Private Letter Ruling 201641002: Physicians service agreements entered in connection with staffing medical facility owned by exempt organization that is funded with state bond proceeds do not result in private business use of bond proceeds under §145(a)(2)(B).
Issuer is an instrumentality of State and issues State bonds, the proceeds of which are used to make loans to health and educational institutions located in State. Issuer made loans to Medical Center, an exempt entity, that provides physician services at healthcare facilities owned by Medical Center. Group is the sole member of Medical Group and appoints the directors of Medical Group. Group, through an intermediary taxable subsidiary, acquired all the outstanding stock of Clinic. Clinic is a taxable wholly owned physician practice group.

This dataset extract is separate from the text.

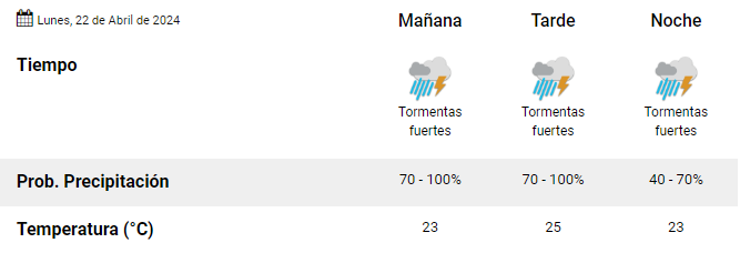 La temperatura mínima esperada es de 21°C y la máxima de 25°C. La humedad es del 95% y el viento sopla desde el este a 33 km/h.

Pursuant to the Clinic Physicians Service Agreement (CPSA), Clinic physicians provide medical services at the facilities of Group, and in turn Group provides space, equipment and supplies necessary for the physicians to serve patients. The stated term of the CPSA is three years, subject to one-year automatic renewals absent cancelation; either party may terminate the CPSA by giving 30 days written notice. During the three-year term of the CPSA, Group may not amend or terminate the compensation arrangement with Clinic physicians without approval by a majority of the Clinic Board of Directors. Group also compensates Clinic for salaries other than physicians. Physician compensation is an aggregated of fixed fees. The CPSA imposes two reasonability tests on physician compensation to ensure that it is at fair market value. Issuer represents that physician compensation is reasonable. Physicians may also qualify for an annual bonus if certain quality benchmarks are met.
Issuer's requested for a ruling that the CPSA described below does not result in private business use of the bond proceeds under §145(a)(2)(B). The IRS ruled that the CPSA meets the requirements of §5.04 of Rev. Proc. 97-13, 1997-1 C.B. 632, and will not result in private business use of the bond proceeds under §145(a)(2)(B). The three-year term with automatic renewals absent a cancelation, is within §5.03(7) of Rev. Proc. 97-13, the IRS stated. Other than physician bonuses, physicians are compensated based on either a per-unit or a capitation basis both of which Rev. Proc. 97-13 permits, the IRS added. The IRS also stated that physician bonuses, triggered by factors other than net profits and based on a share of gross revenues from physician billings, are also permitted under Rev. Proc. 97-13.
However, the IRS noted, the CPSA does not meet the requirements of §5.04(2) of Rev. Proc. 97-13, because Group and Clinic are related parties. Therefore, the IRS explained, whether the CPSA causes private business use of the facilities financed with the bonds depends on the facts and circumstances. Because the other elements of Rev. Proc. 97-13 are satisfied, the only question is whether the parties' relationship will substantially limit the Group's ability to exercise its rights under the CPSA, the IRS noted. Although Group and Clinic are related parties under Reg. §1.150-1(b), Group is effectively the sole shareholder of Clinic, giving Group ultimate control in the relationship between these two parties, the IRS noted. Further, only up to 20% of the Clinic physicians may be members of the Group's board, the IRS found. The IRS also noted that the designee of the CEO who serves on Clinic's board has no special status or special powers and represents less than 10% of the Clinic board. Therefore, the IRS concluded that Clinic cannot control Group and cannot prevent Group from terminating the CPSA.